Do końca ich u m i ł o w a ł, to znaczy aż do szczytu wszelkiej możliwości kochania, ponieważ teraz Jezus ustawicznie uobecnia Ofiarę złożoną jeden jedyny raz na Kalwarii dla zbawienia wszystkich (Hbr 7,27 i 9,26 i 10,12):
«Nikt nie ma większej miłości od tej, gdy ktoś życie swoje oddaje za tych, których kocha» (J 15,13).
Do końca ich m i ł o w a ł, to znaczy aż do najwyższego wymagania miłości, którym jest pragnienie przebywania z ukochaną osobą. Dlatego w Eucharystii Jezus zawsze pozostaje z wami. Jest rzeczywiście obecny ze Swoim chwalebnym Ciałem i ze Swoim Bóstwem – tak jak w Raju – choć ukrywa się pod osłoną postaci eucharystycznych:
«A oto Ja jestem z wami przez wszystkie dni, aż do skończenia świata» (Mt 28,20b).

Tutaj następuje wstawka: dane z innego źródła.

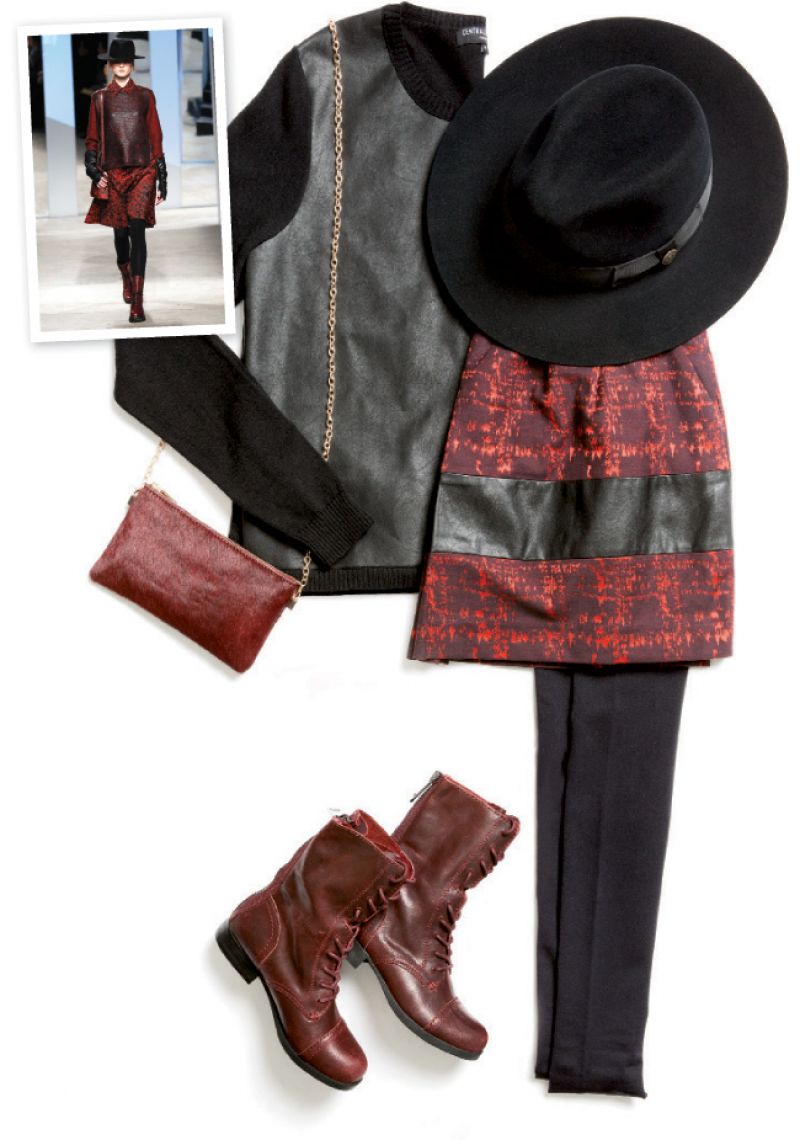 ”Patricia” skirt with a single pleat and faux leather stripe by W118 by Walter Baker

Do końca ich u m i ł o w a ł, to znaczy aż do zbliżenia się do waszej nędzy i waszego ubóstwa. W sakramencie Eucharystii Jezus jednoczy się z wami. Staje się Ciałem dla waszego ciała, Krwią dla waszej krwi, aby udzielić wam – ziemskim stworzeniom – drogocennego Daru Swego Boskiego Życia: «Ja jestem Chlebem Żywym, który zstąpił z Nieba. Kto spożywa ten chleb będzie żył, a Ja go wskrzeszę w dniu ostatecznym» (J 6,51).

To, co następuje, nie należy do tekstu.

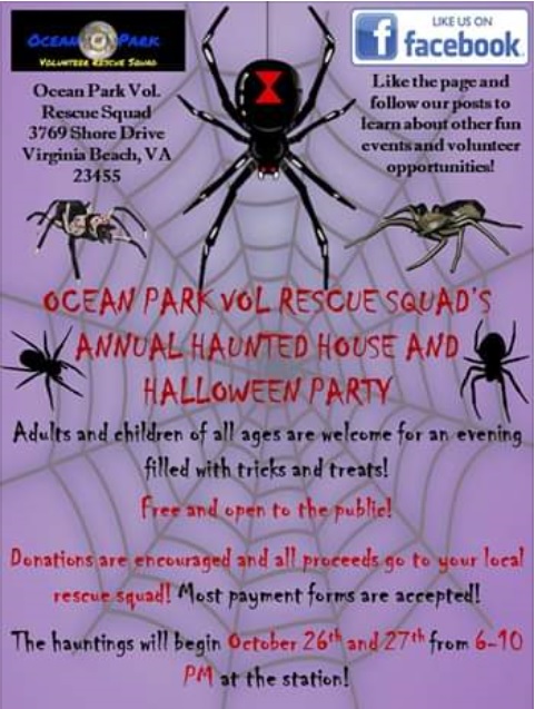 Visit our second annual night of frights at the OPVRS Haunted House. This event is free, open to the public, and family friendly. The event will be held on Friday October 26th and Saturday October 27th from 6-10pm at the station. Station address is 3769 Shore Drive. Donations are welcome.

Do końca ich u m i ł o w a ł, to znaczy aż do końca czasów. Obecność Chrystusa jako Ofiary wśród was – we wszystkich Tabernakulach świata – daje wam poczucie bezpieczeństwa i rodzi ufność, radość i nadzieję na Jego powrót w chwale:
«Głosimy śmierć Twoją, Panie, wyznajemy Twoje Zmartwychwstanie i oczekujemy Twego przyjścia». (…).

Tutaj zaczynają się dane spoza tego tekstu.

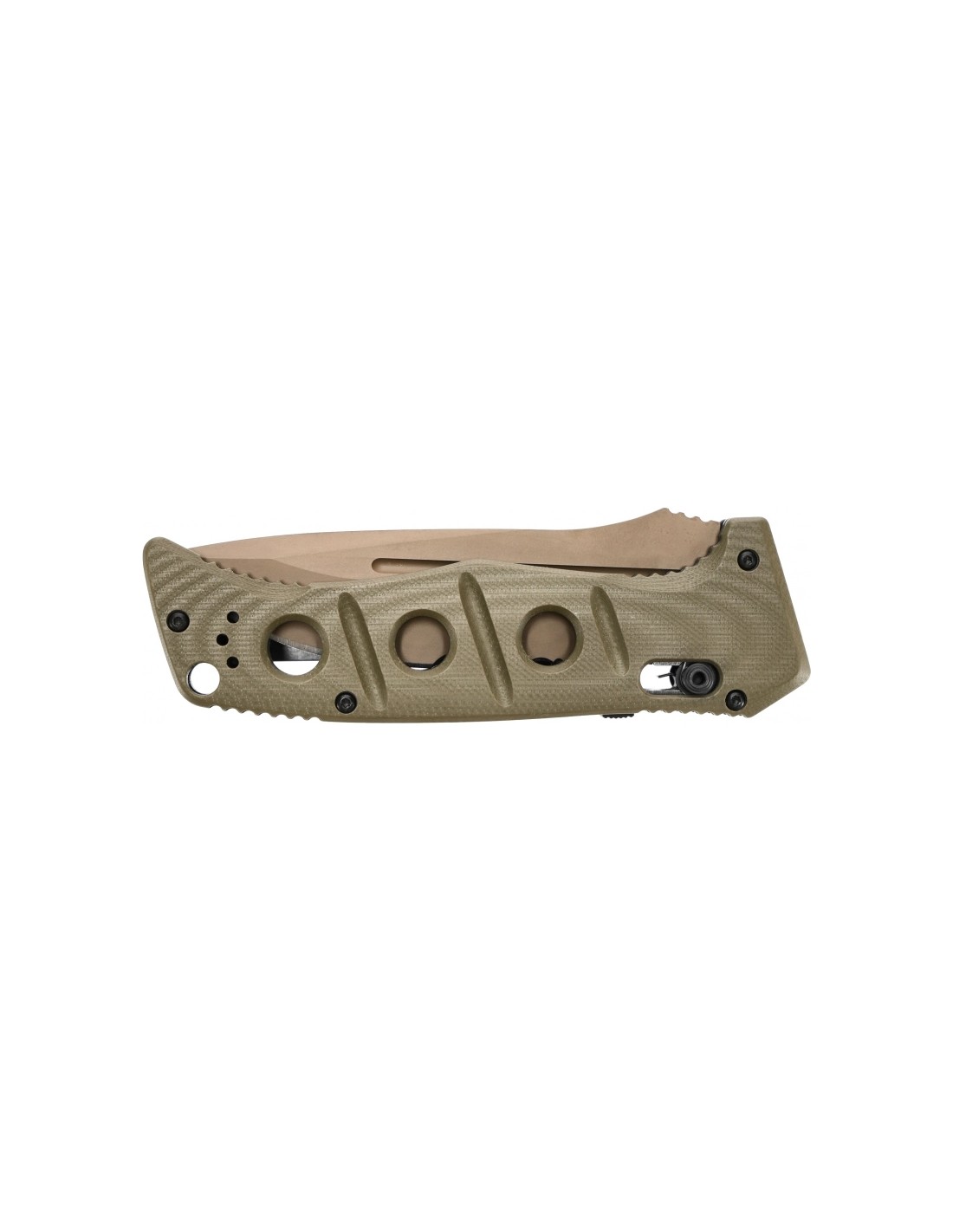 TheBenchmade 2750SFE-2 Auto Adamas is an automatic version of the Adamas tactical knife, designed by respected knifemaker Shane Sibert. The model features a partially serrated head in Flat Dark Earth color and olive drab G10 facings.

Eucharystia jest znakiem Jezusa, który również d z i ś m i ł u j e was aż d o k o ń c a. On prowadzi was do Końca czasów, w których żyjecie, aby was wprowadzić w nową epokę świętości i łaski. Ku tej epoce właśnie kroczycie, a rozpocznie się ona, gdy Jezus ustanowi Swoje Chwalebne Królestwo pośród was.
Leszek said
Tej Nocy Pan Jezus zmagał się diabłem i jego pokusami, samotnością, okrywając się krwawym potem w Ogrodzie Oliwnym, wypowiadając „fiat’ na dzieło naszego Odkupienia, wedle woli Boga Ojca.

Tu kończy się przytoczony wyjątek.